The Bharatiya Janata Party was criticised for not giving a ticket to a single Muslim candidate in the Uttar Pradesh Assembly election. Why? If they had given one token ticket to a Muslim candidate or even five token tickets to five token candidates, would that have made any difference to their track record, or to the fate of Muslims in general?

 

Have the Politics of Dalit Representation solved any of the real problems that Dalits face? Unfortunately it would appear not. Under Mayawati (a vocal champion of Dalit rights) in Uttar Pradesh, crimes against Dalits went up by a significantly higher percentage than the overall increase in crime did, according to the NCRB's 2007 report . Crimes against Dalits have continued the same alarming trend under the subsequent Samajwadi government as well, and also in the neighbouring BJP-ruled Rajasthan, which would lead one to the conclusion that Dalit problems are deep-rooted and systemic. They cannot be solved by mere representation. Nor can they be solved by merely voting for someone else, in the fond hope that they will do a better job.

Which brings us to the latest the Presidential Election. I would say this year’s candidate nominations elevated the charade of 'political token representation' to new heights. The most visible, least powerful, ceremonial role in Indian politics was contested between two candidates from the Dalit community. Without meaning to disrespect either of their achievements, it would seem as though their nominators believed that the biggest qualification for candidacy was their caste.

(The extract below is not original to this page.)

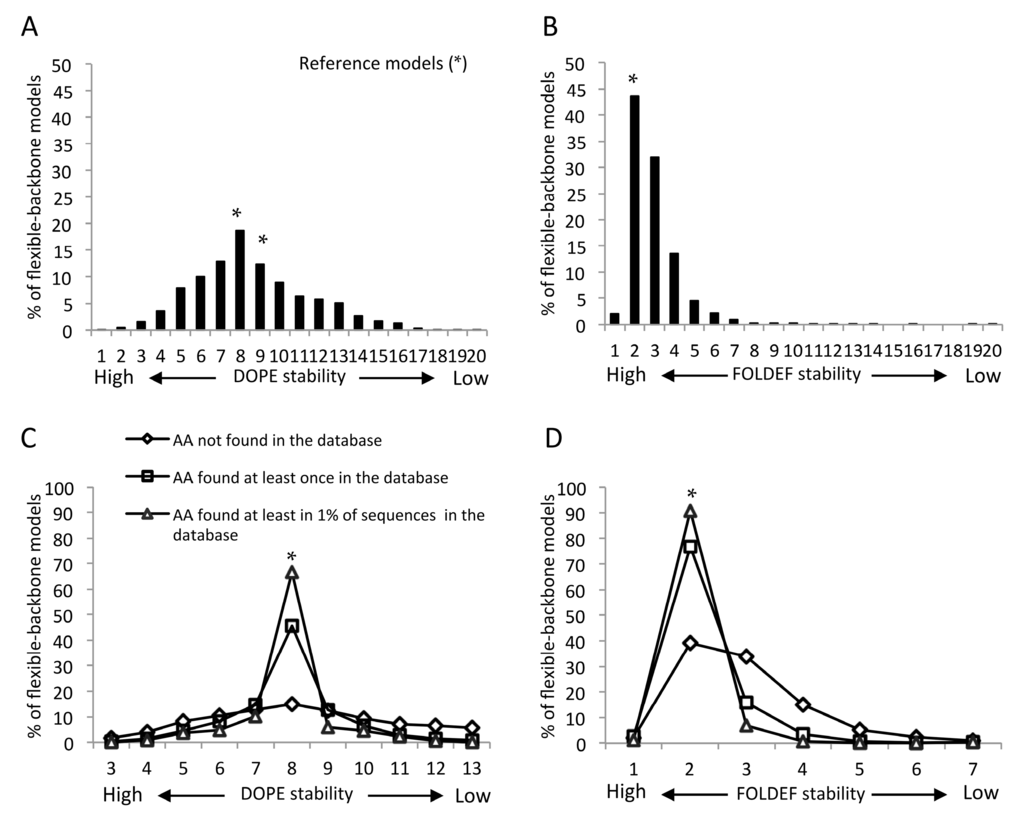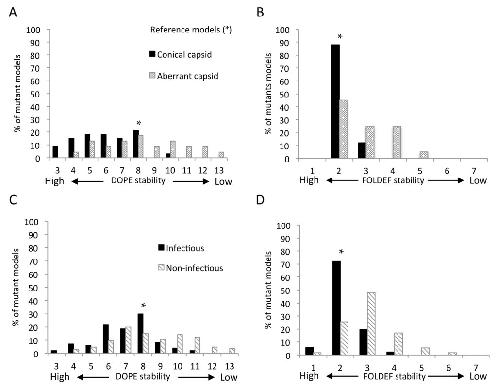 Distribution of capsid protein mutant stabilities based on flexible-backbone models of the mature capsid (CA) hexamer. The stability bin reflects the structural stability from higher (left) to Revise the asterisks into Palatino linotype. lower (right) levels. * indicates the bin in which reference structures were found. All mutations predicted by Discrete optimized protein energy (DOPE) (A,C) and FoldX energy function (FOLDEF) (B,D) were classified into three groups based on their frequency in the HIV sequence database. Only results from five higher, five lower and the reference model bins are shown, as together they accounted for more than 98% of all models.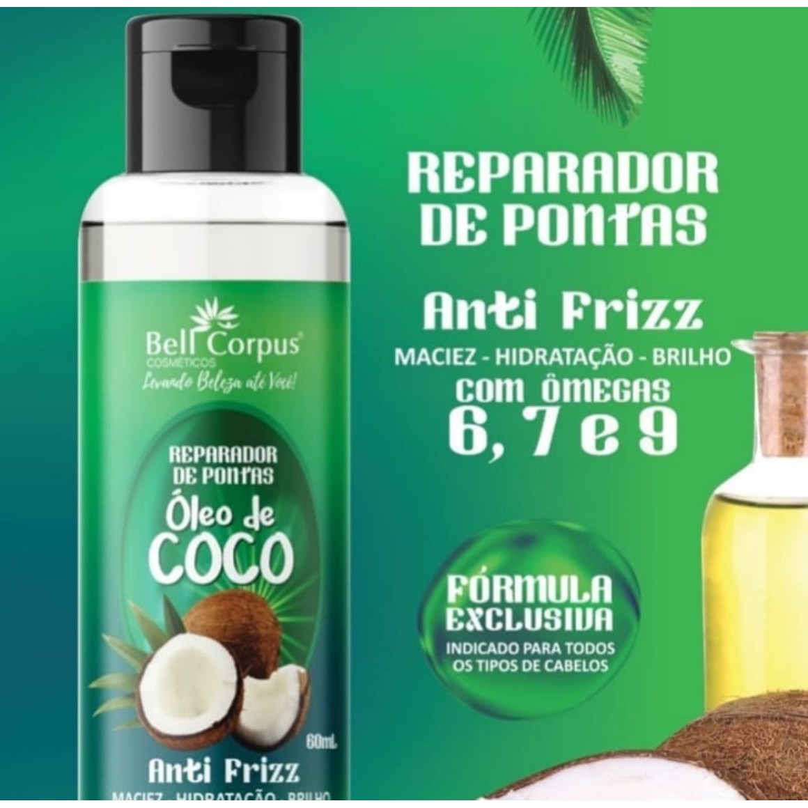O Reparador de pontas Óleo de coco Bell Corpus Cósmeticos foi formulado para deixar seus cabelos livres de frizz e pontas duplas. possui uma combinação de Ômegas 6,7, e 9 que nutrem e fortalecem os fios. promove brilho e suavidade deixando os cabelos com aspecto saudável. não deixa o aspecto oleoso indesejado.

Ram Nath Kovind has had a long career and has come a long way from his humble beginnings, but it would be fair to say that most people would never have heard of him until he was nominated. Apart from being a decent man, by all counts, as well as a loyal member of the party, his being a Dalit made him a candidate that was hard to say no to without slipping on a political banana skin. Anyone who was opposed to him could be painted as anti-Dalit, right?

Which is possibly why the opposition went on to prop up Meira Kumar, career politician and the daughter of India’s first Dalit Cabinet Minister. A life of privilege within the establishment, close proximity to the Congress high command and suddenly she is a Dalit Champion. The tokenism, and the cynicism behind it, crushes out any lingering hope that anyone in Delhi even cares about solving problems that Dalits in India face today. The sadness of the reality is that as long as easy tokenism wins votes, difficult decisions will never be made. And India’s Dalits will continue to suffer.